**Exercise description:** Restate every entry verbatim; drop the pictures.

**Supplied data:**
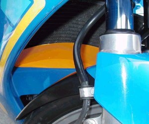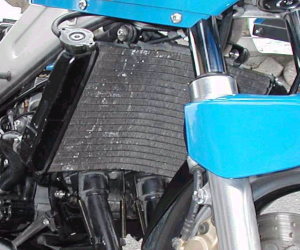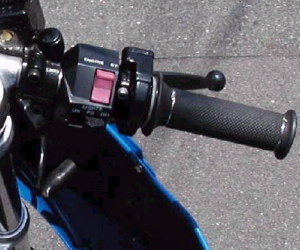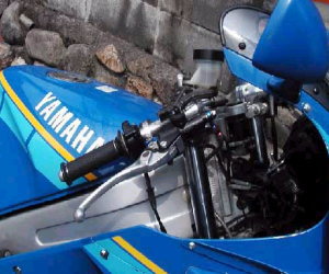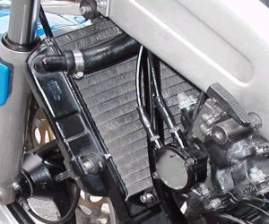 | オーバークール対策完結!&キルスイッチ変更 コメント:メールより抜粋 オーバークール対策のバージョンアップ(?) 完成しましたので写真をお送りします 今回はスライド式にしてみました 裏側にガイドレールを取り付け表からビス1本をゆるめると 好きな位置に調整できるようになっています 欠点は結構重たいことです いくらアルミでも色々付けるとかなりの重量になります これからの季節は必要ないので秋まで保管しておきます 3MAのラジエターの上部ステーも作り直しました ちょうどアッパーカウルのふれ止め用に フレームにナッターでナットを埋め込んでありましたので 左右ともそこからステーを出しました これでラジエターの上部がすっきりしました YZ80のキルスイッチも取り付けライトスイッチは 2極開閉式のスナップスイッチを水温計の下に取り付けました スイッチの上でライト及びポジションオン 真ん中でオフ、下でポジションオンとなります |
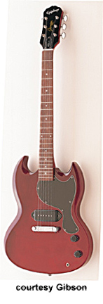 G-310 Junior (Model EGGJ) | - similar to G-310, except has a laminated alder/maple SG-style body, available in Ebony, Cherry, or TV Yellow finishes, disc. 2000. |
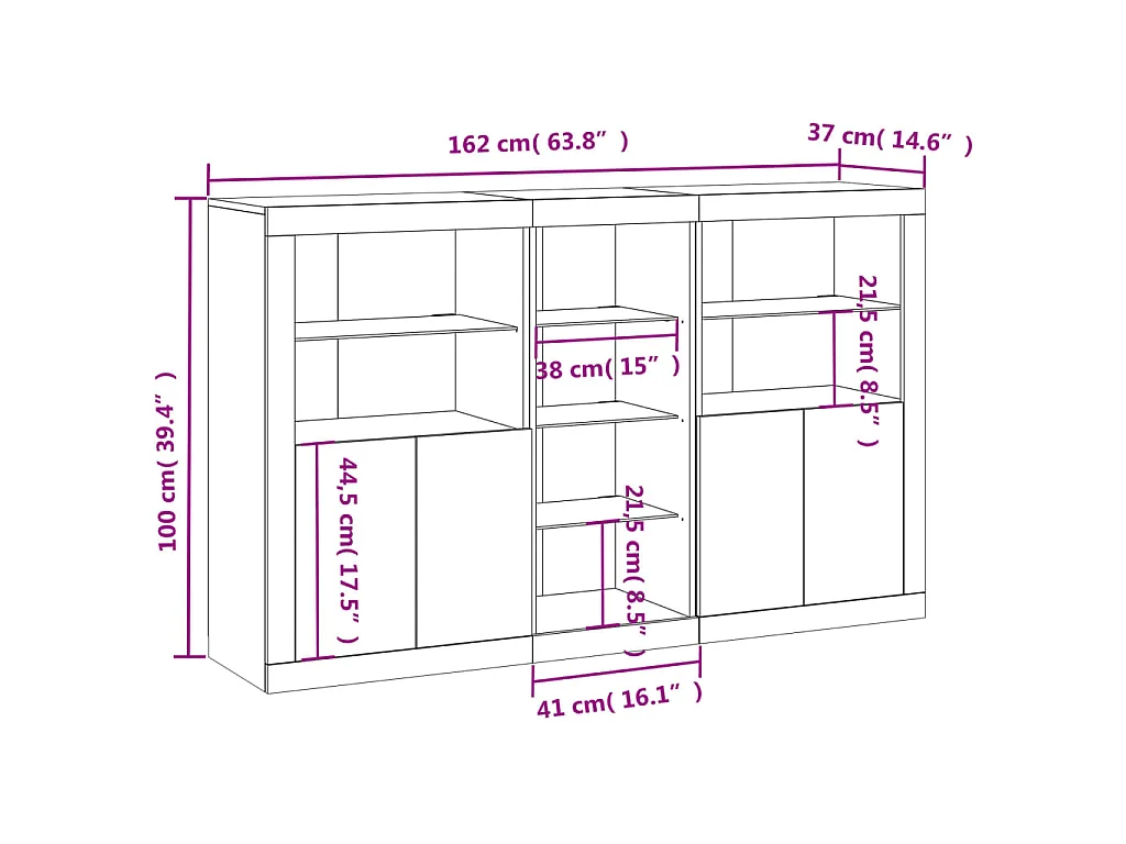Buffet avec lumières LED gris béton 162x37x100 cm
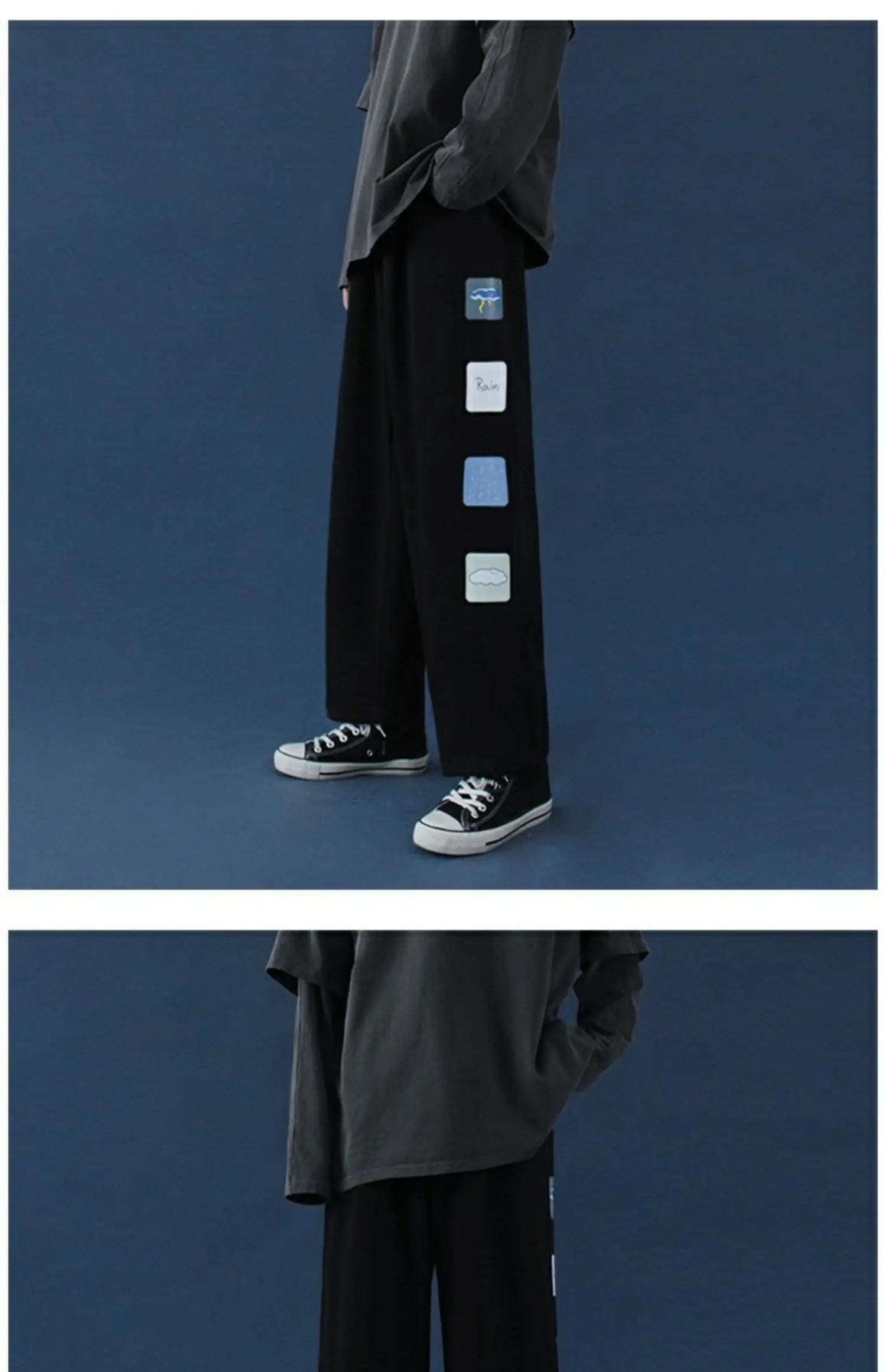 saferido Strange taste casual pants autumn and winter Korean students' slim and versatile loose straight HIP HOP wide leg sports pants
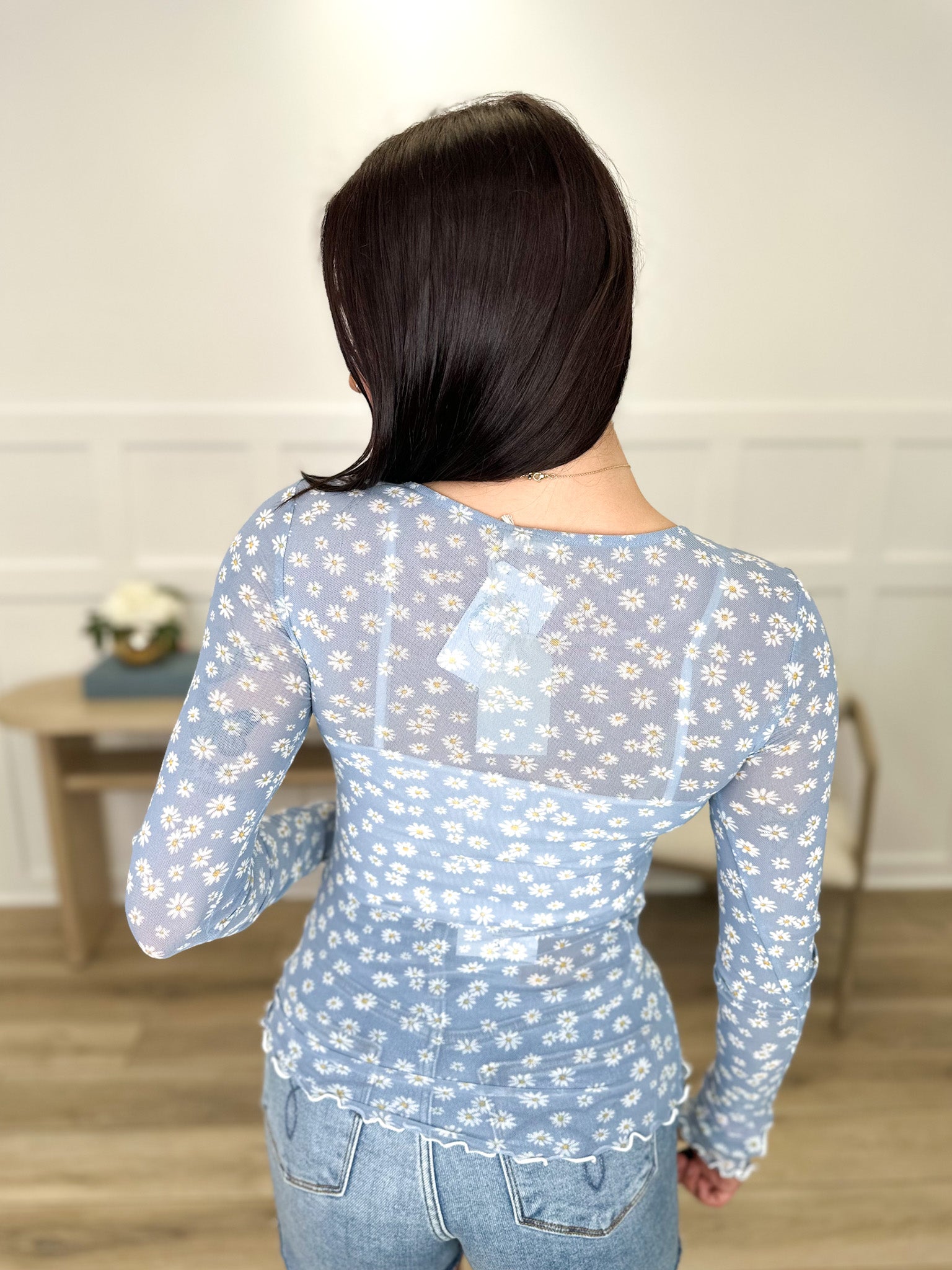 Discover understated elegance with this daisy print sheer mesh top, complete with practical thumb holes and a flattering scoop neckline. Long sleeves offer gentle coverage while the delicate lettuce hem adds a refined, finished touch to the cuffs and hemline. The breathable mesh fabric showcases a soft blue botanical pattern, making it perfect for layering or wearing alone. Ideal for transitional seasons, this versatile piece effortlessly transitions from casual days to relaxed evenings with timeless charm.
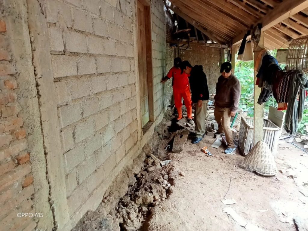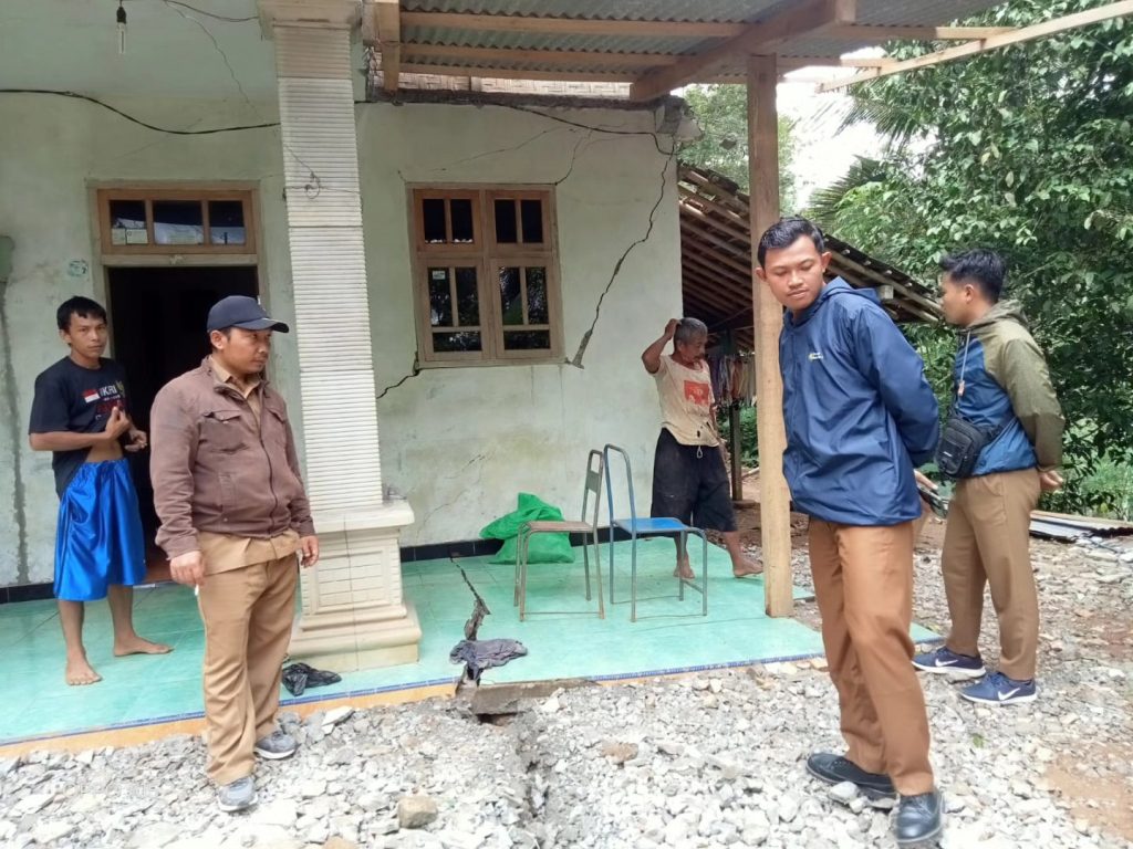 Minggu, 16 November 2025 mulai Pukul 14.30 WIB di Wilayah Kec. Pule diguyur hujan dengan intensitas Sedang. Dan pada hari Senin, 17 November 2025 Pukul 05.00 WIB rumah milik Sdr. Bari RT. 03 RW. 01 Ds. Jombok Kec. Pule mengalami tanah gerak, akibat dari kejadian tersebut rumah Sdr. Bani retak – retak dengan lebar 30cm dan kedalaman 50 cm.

**Result below:**
 | オーバークール対策完結!&キルスイッチ変更 コメント:メールより抜粋 オーバークール対策のバージョンアップ(?) 完成しましたので写真をお送りします 今回はスライド式にしてみました 裏側にガイドレールを取り付け表からビス1本をゆるめると 好きな位置に調整できるようになっています 欠点は結構重たいことです いくらアルミでも色々付けるとかなりの重量になります これからの季節は必要ないので秋まで保管しておきます 3MAのラジエターの上部ステーも作り直しました ちょうどアッパーカウルのふれ止め用に フレームにナッターでナットを埋め込んでありましたので 左右ともそこからステーを出しました これでラジエターの上部がすっきりしました YZ80のキルスイッチも取り付けライトスイッチは 2極開閉式のスナップスイッチを水温計の下に取り付けました スイッチの上でライト及びポジションオン 真ん中でオフ、下でポジションオンとなります |
 G-310 Junior (Model EGGJ) | - similar to G-310, except has a laminated alder/maple SG-style body, available in Ebony, Cherry, or TV Yellow finishes, disc. 2000. |
Buffet avec lumières LED gris béton 162x37x100 cm
 saferido Strange taste casual pants autumn and winter Korean students' slim and versatile loose straight HIP HOP wide leg sports pants
 Discover understated elegance with this daisy print sheer mesh top, complete with practical thumb holes and a flattering scoop neckline. Long sleeves offer gentle coverage while the delicate lettuce hem adds a refined, finished touch to the cuffs and hemline. The breathable mesh fabric showcases a soft blue botanical pattern, making it perfect for layering or wearing alone. Ideal for transitional seasons, this versatile piece effortlessly transitions from casual days to relaxed evenings with timeless charm.
 Minggu, 16 November 2025 mulai Pukul 14.30 WIB di Wilayah Kec. Pule diguyur hujan dengan intensitas Sedang. Dan pada hari Senin, 17 November 2025 Pukul 05.00 WIB rumah milik Sdr. Bari RT. 03 RW. 01 Ds. Jombok Kec. Pule mengalami tanah gerak, akibat dari kejadian tersebut rumah Sdr. Bani retak – retak dengan lebar 30cm dan kedalaman 50 cm.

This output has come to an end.